» **GOAL OF THE EXERCISE**
Make an exact copy of the listing, without images.

» **DATA EXCERPT**
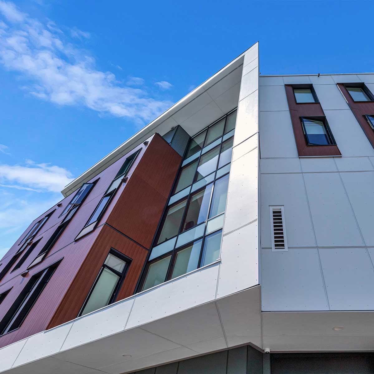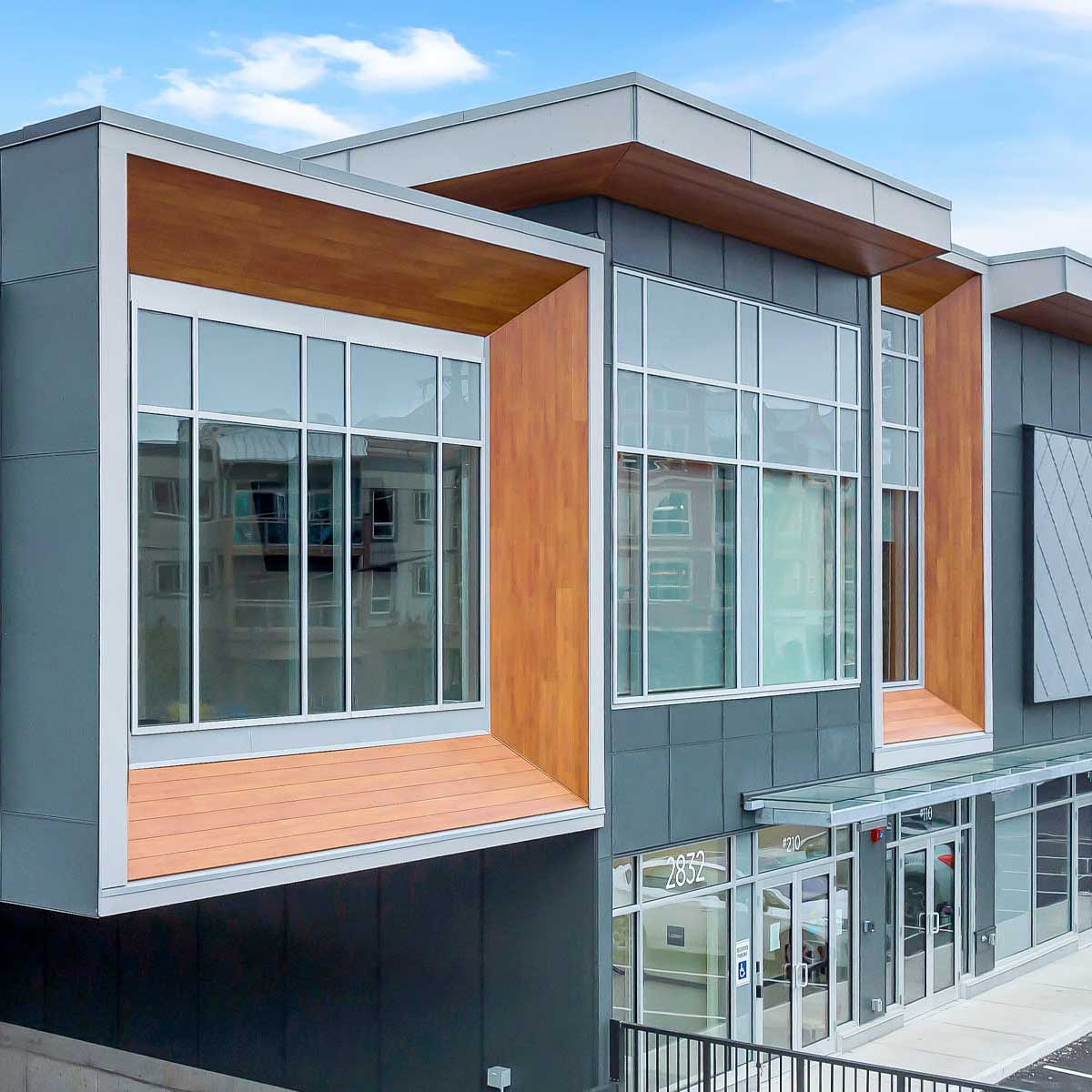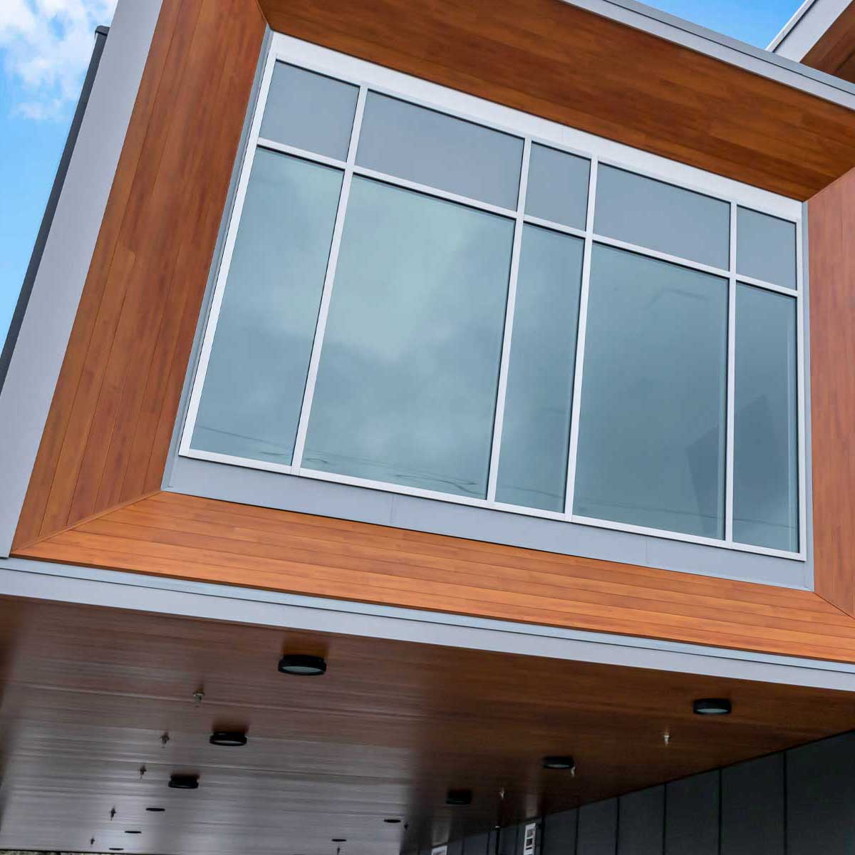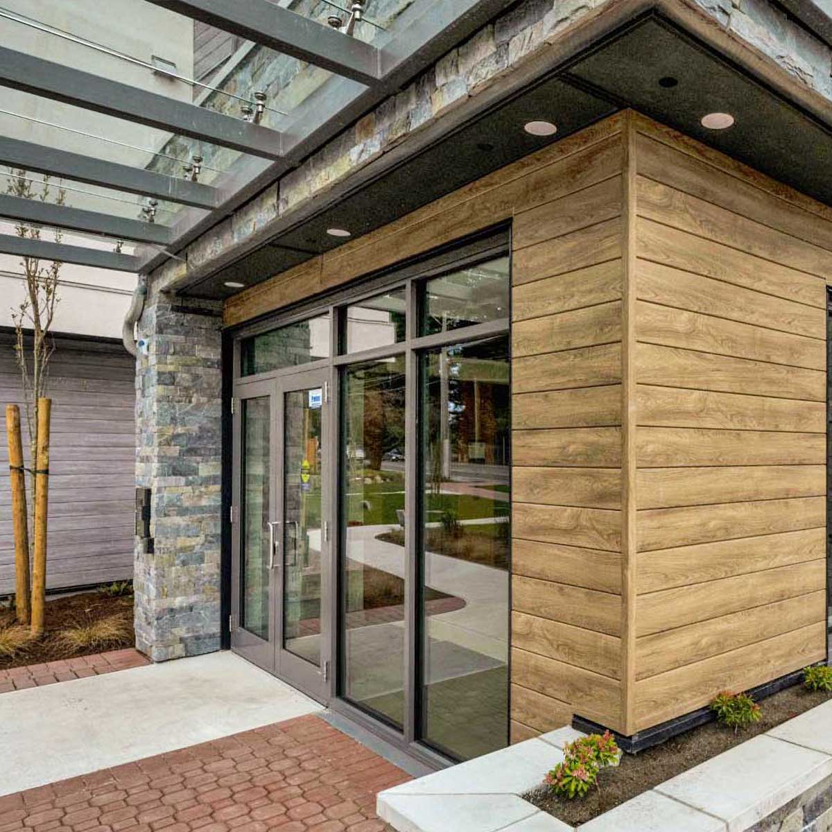 Fibre Cement Paneling, ACM paneling, and Extruded Aluminum Plank Soffits
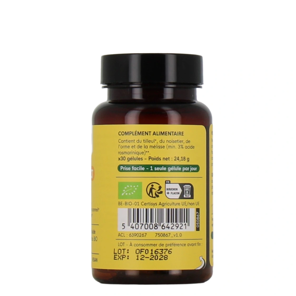 Formulé sans gluten, sans gélatine, sans alcool et sans mélatonine, Herbalgem Gemmocaps Stress-Protect Sommeil est composé d'un concentré liquide de bourgeons frais et biologiques, associé à de la mélisse. Ce complément alimentaire propose une absorption optimale des actifs. Les gélules contiennent du noisetier, de l'orme et du tilleul qui favorise un bon sommeil. La mélisse aide à l'endormissement et contribue à une relaxation optimale. Les bourgeons frais et biologiques naturellement concentrés en polyphénols sont reconnus pour leur capacité antioxydante.
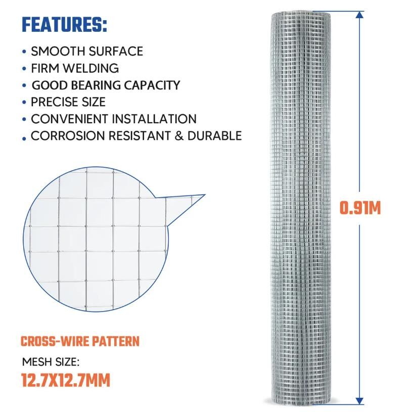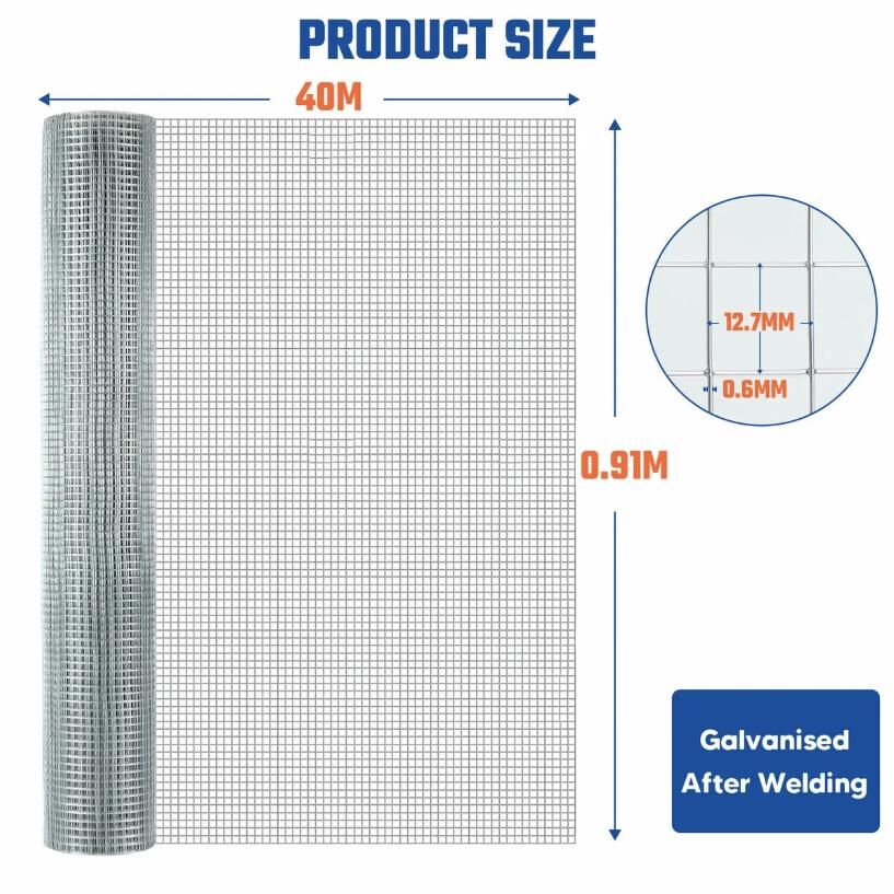 Experience robust protection for your animals, plants, or projects with this welded wire mesh fence. Boasting dimensions of 40m in length and 0.91m in height, our wire mesh roll provides ample coverage for your projects. While its mesh size of 12.7x12.7mm and 0.6mm wire diameter seamlessly integrates security and visibility. Besides, the innovative cross-wire pattern enhances stability and maintains aesthetic appeal. Designed with versatility in mind, this wire fencing roll is ideal for fencing and caging purposes, catering to diverse needs such as chicken coops, plan guards, and custom animal enclosures. Robust and rust-proof, it promises long-lasting performance and minimal maintenance. What sets the wire mesh fence apart is its post-welding hot galvanisation process, which extends the wire fence’s lifespan and enhances its bearing capability to the harshest outdoor conditions.
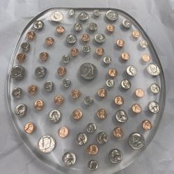 1970’s Lucite Coin toilet seat and cover. VERY COOL! In excellent condition! Great addition to any man cave wall!$195Westlake Village, CA

» **SOLUTION BELOW**
 Fibre Cement Paneling, ACM paneling, and Extruded Aluminum Plank Soffits
 Formulé sans gluten, sans gélatine, sans alcool et sans mélatonine, Herbalgem Gemmocaps Stress-Protect Sommeil est composé d'un concentré liquide de bourgeons frais et biologiques, associé à de la mélisse. Ce complément alimentaire propose une absorption optimale des actifs. Les gélules contiennent du noisetier, de l'orme et du tilleul qui favorise un bon sommeil. La mélisse aide à l'endormissement et contribue à une relaxation optimale. Les bourgeons frais et biologiques naturellement concentrés en polyphénols sont reconnus pour leur capacité antioxydante.
 Experience robust protection for your animals, plants, or projects with this welded wire mesh fence. Boasting dimensions of 40m in length and 0.91m in height, our wire mesh roll provides ample coverage for your projects. While its mesh size of 12.7x12.7mm and 0.6mm wire diameter seamlessly integrates security and visibility. Besides, the innovative cross-wire pattern enhances stability and maintains aesthetic appeal. Designed with versatility in mind, this wire fencing roll is ideal for fencing and caging purposes, catering to diverse needs such as chicken coops, plan guards, and custom animal enclosures. Robust and rust-proof, it promises long-lasting performance and minimal maintenance. What sets the wire mesh fence apart is its post-welding hot galvanisation process, which extends the wire fence’s lifespan and enhances its bearing capability to the harshest outdoor conditions.
 1970’s Lucite Coin toilet seat and cover. VERY COOL! In excellent condition! Great addition to any man cave wall!$195Westlake Village, CA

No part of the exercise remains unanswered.